The satellite sensor model is typically established using ground control points acquired by ground survey Of existing topographic maps. In some cases where the targeted area can't be accessed and the topographic maps are not available, it is difficult to obtain ground control points so that geospatial information could not be obtained from satellite image. The paper presents several satellite sensor models and satellite image decomposition methods for non-accessible area where ground control points can hardly acquired in conventional ways. First, 10 different satellite sensor models, which were extended from collinearity condition equations, were developed and then the behavior of each sensor model was investigated. Secondly, satellite images were decomposed and also pseudo images were generated. The satellite sensor model extended from collinearity equations was represented by the six exterior orientation parameters in 1$^{st}$, 2$^{nd}$ and 3$^{rd}$ order function of satellite image row.

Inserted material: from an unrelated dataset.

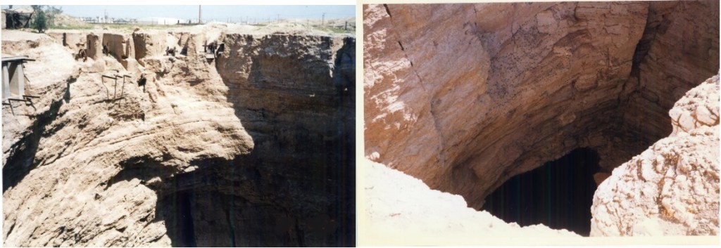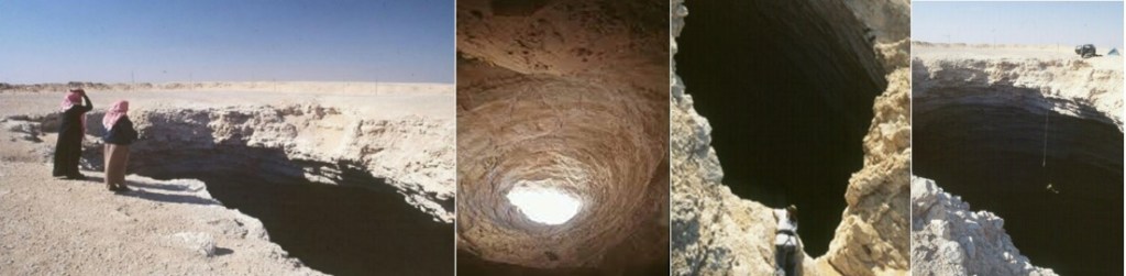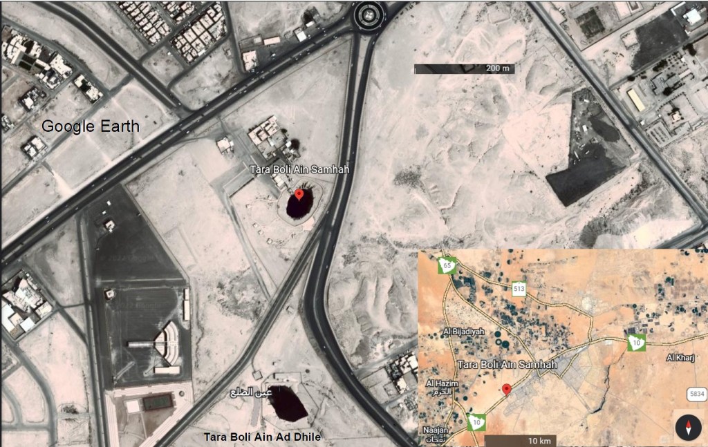 ハルジュ(Kharj)に大きな隕石が落ちて出来た垂直洞窟(Vertical Cave)があるとの話を聞いて、筆者は、1996年2月27日にそこを訪ねました。畑の奥に1930年にアラムコ(ARAMCO)がこの地域の灌漑用水汲み上げの為に設置し、今日も使われている水汲み用のポンプ小屋があります。その裏側に直径50メートルを超え、覗き込んでも底が見えないような巨大な竪穴(Crater)があり、そこに入れたホースで水を汲み上げていました。底が見えないので、その竪穴の縁まで行って覗き込むと、遥か下に黒く水面が見えました。陥没穴洞窟は、南に500メートル離れてた場所にも一つあります。現地の人達には「数千前に落下して来た隕石が穿った穴だ。」と語り継がれ、地球の隙間を意味する「目(عيون)」として知られています。それぞれにアインサムハ(Ain Samha) (عين سمحة)およびアインディラ(Ain of al-Dila)(عين الضلع)と名付けられていましいた。Ayuun as Seehや Ayuun an Najm等、他にも呼び方が幾つかあり、星が作ったロマンとは程遠いですが、正式にはTara Boli Ain Samhah and Tara Boli Ain Ad Dhileと定められました。

Among them, the rotational angle parameters such as $\omega$(omega) and $\phi$(phi) correlated highly with positional parameters could be assigned to constant values. For non-accessible area, satellite images were decomposed, which means that two consecutive images were combined as one image. The combined image consists of one satellite image with ground control points and the other without ground control points. In addition, a pseudo image which is an imaginary image, was prepared from one satellite image with ground control points and the other without ground control points. In other words, the pseudo image is an arbitrary image bridging two consecutive images. For the experiments, SPOT satellite images exposed to the similar area in different pass were used. Conclusively, it was found that 10 different satellite sensor models and 5 different decomposed methods delivered different levels of accuracy. Among them, the satellite camera model with 1$^{st}$ order function of image row for positional orientation parameters and rotational angle parameter of kappa, and constant rotational angle parameter omega and phi provided the best 60m maximum error at check point with pseudo images arrangement.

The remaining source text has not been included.